┌──

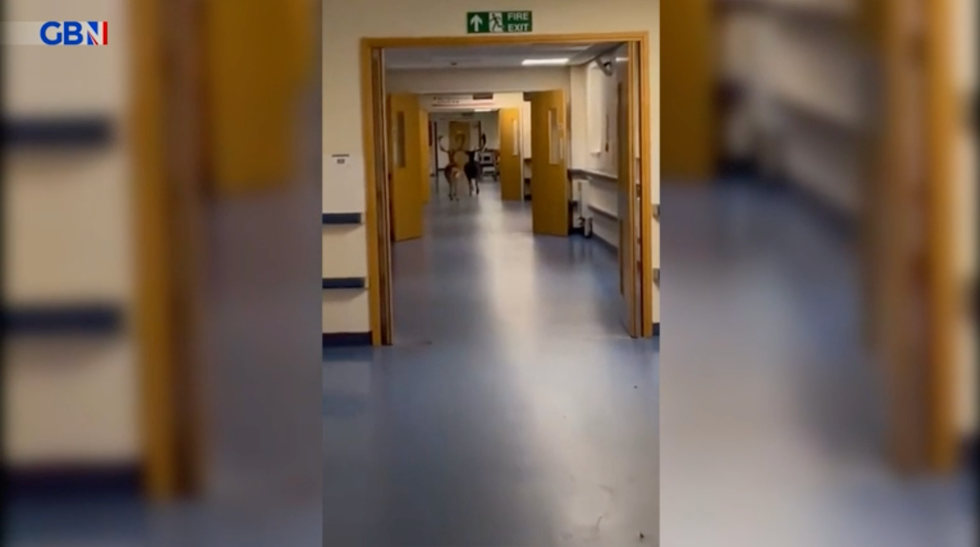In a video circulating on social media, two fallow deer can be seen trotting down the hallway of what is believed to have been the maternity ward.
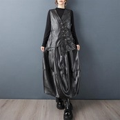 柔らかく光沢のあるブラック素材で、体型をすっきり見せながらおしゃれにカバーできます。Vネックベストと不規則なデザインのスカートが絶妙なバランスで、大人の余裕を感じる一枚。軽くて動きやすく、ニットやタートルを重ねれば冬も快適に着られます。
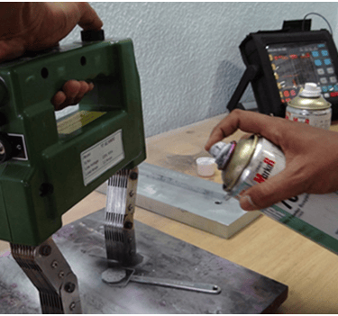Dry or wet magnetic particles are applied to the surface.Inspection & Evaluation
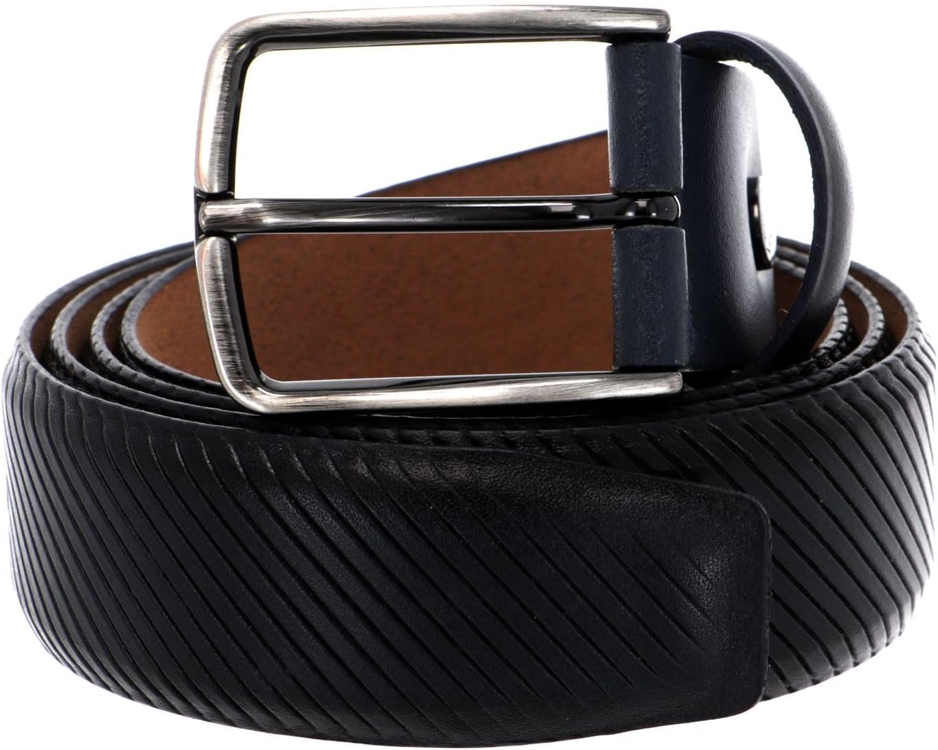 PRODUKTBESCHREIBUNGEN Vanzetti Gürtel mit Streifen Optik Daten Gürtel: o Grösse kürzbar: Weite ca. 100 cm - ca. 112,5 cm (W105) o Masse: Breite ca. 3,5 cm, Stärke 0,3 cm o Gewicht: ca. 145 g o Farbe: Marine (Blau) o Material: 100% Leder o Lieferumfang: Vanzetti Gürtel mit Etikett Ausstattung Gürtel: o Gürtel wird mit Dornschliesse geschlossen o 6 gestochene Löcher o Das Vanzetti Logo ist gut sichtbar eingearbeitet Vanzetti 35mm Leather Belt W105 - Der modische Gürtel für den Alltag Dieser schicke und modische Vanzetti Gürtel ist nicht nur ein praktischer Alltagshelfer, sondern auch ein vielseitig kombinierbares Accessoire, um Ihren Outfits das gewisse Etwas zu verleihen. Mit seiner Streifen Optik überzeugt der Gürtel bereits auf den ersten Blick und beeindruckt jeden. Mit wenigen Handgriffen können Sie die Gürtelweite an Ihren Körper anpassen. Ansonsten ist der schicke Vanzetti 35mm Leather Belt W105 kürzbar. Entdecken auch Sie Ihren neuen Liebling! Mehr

└──
┌──

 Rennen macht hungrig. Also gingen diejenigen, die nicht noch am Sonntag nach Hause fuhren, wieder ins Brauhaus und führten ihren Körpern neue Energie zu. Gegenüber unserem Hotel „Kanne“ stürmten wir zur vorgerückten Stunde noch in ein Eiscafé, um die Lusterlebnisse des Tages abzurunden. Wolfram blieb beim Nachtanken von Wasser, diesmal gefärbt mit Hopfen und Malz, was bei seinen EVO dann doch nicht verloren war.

└──

- **The problem**
With the pictures omitted, copy exactly the lines of the listing above starting at the line containing "In a video circulating" and ending at the line containing "PRODUKTBESCHREIBUNGEN Vanzetti Gürtel", both included.

- **Solution to the exercise**
In a video circulating on social media, two fallow deer can be seen trotting down the hallway of what is believed to have been the maternity ward.
 柔らかく光沢のあるブラック素材で、体型をすっきり見せながらおしゃれにカバーできます。Vネックベストと不規則なデザインのスカートが絶妙なバランスで、大人の余裕を感じる一枚。軽くて動きやすく、ニットやタートルを重ねれば冬も快適に着られます。
Dry or wet magnetic particles are applied to the surface.Inspection & Evaluation
 PRODUKTBESCHREIBUNGEN Vanzetti Gürtel mit Streifen Optik Daten Gürtel: o Grösse kürzbar: Weite ca. 100 cm - ca. 112,5 cm (W105) o Masse: Breite ca. 3,5 cm, Stärke 0,3 cm o Gewicht: ca. 145 g o Farbe: Marine (Blau) o Material: 100% Leder o Lieferumfang: Vanzetti Gürtel mit Etikett Ausstattung Gürtel: o Gürtel wird mit Dornschliesse geschlossen o 6 gestochene Löcher o Das Vanzetti Logo ist gut sichtbar eingearbeitet Vanzetti 35mm Leather Belt W105 - Der modische Gürtel für den Alltag Dieser schicke und modische Vanzetti Gürtel ist nicht nur ein praktischer Alltagshelfer, sondern auch ein vielseitig kombinierbares Accessoire, um Ihren Outfits das gewisse Etwas zu verleihen. Mit seiner Streifen Optik überzeugt der Gürtel bereits auf den ersten Blick und beeindruckt jeden. Mit wenigen Handgriffen können Sie die Gürtelweite an Ihren Körper anpassen. Ansonsten ist der schicke Vanzetti 35mm Leather Belt W105 kürzbar. Entdecken auch Sie Ihren neuen Liebling! Mehr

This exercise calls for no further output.